SLJsBoB happens when the excitement of award season and its precise criteria has died down. Part of the fun of the contest is that the judges are given no criteria at all. They simply have to choose a winner between two outstanding books and explain their choice. Hilarity, agonizing and insight ensue.

These are the things I love about SLJsBoB:
  1. The Books - The Commanders do a fantastic job of selecting 16 titles worth reading.  The selections vary across the spectrum of good books from the previous year, including fiction and nonfiction, books for different age levels and books in different formats. You can think of it as a concise and readable best books list.
  1. The Judges - Oh, they pick such wonderful judges!  If my favorite book isn’t always included, at least I can always find some of my favorite authors participating. They’re good at writing books themselves; can they also analyze good writing? It turns out they can.
  1. The Commentary - What happens when you ask stellar children’s authors to choose between two outstanding children’s books – and explain their choice?  All kinds of creative things.
    • Adam Rex using footnotes to compare The Ring of Solomon to Sugar Changed the World.
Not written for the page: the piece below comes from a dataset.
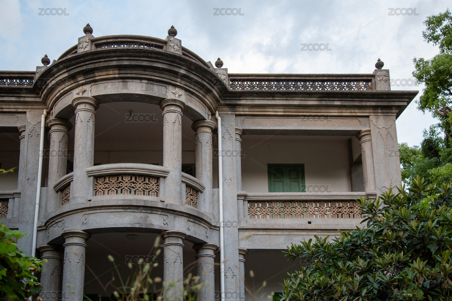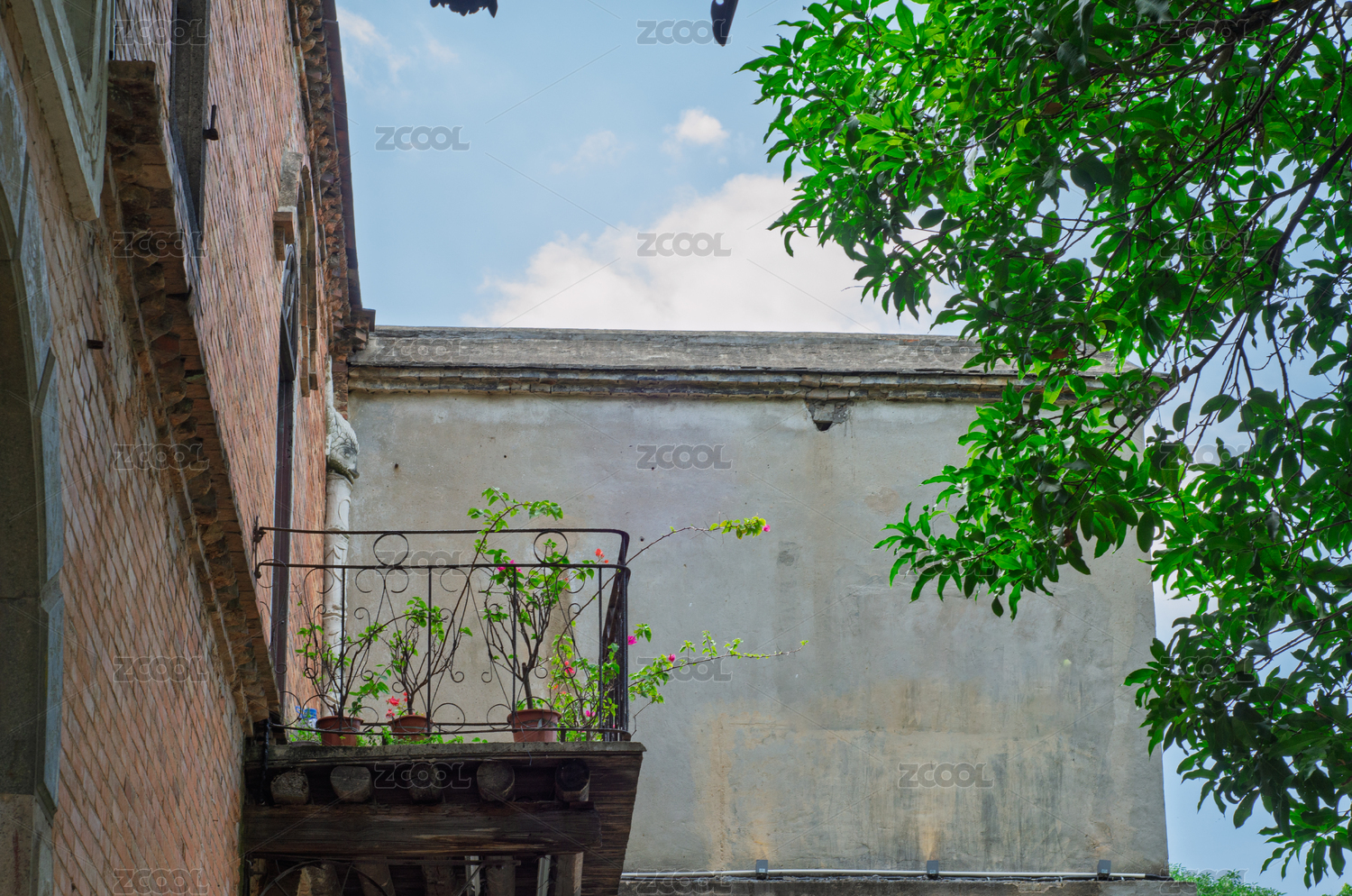 福州上下杭帶綠植盆栽的老式建筑陽(yáng)臺(tái)

    • M. T. Anderson revealing authors’ abstruse way of talking about books as they stroll together in their vast estates.
    • Vaunda Nelson explaining how an encyclopedic science book is similar to an atmospheric and poignant teen novel.
    • Mac Barnett explaining his background in pre-modern Scandinavian literature. (Who knew?)
    • In short, reading the judges’ commentary is almost as much fun as reading the books and certainly more easily done in breaks on a busy work day.
  1. The Competition - Okay, my favorite books don’t have a great record, but the competition aspect definitely adds to the excitement. It’s fun to try to guess which book the judge will pick and then discover you know less about the judge than you think you do. It’s fun to figure out which book I would pick and how I would defend my choice, if I were a judge. And it’s fun to cheer for your favorites, all the while knowing (as the judges keep repeating) that each of the books is outstanding, and evaluating books is a subjective process.  When favorite authors share my opinions it’s delightful, but it’s also fascinating when they approach a book completely differently than I do.
  1. The Comments - I feel welcomed as a commenter on Battle of the Books, and there is a sense that the judges’ posts are simply a springboard for hearing everyone else’s opinions.
This is book discussion in a lively, entertaining context. Come on in. Observe, comment. Join the Peanut Gallery! The more the merrier!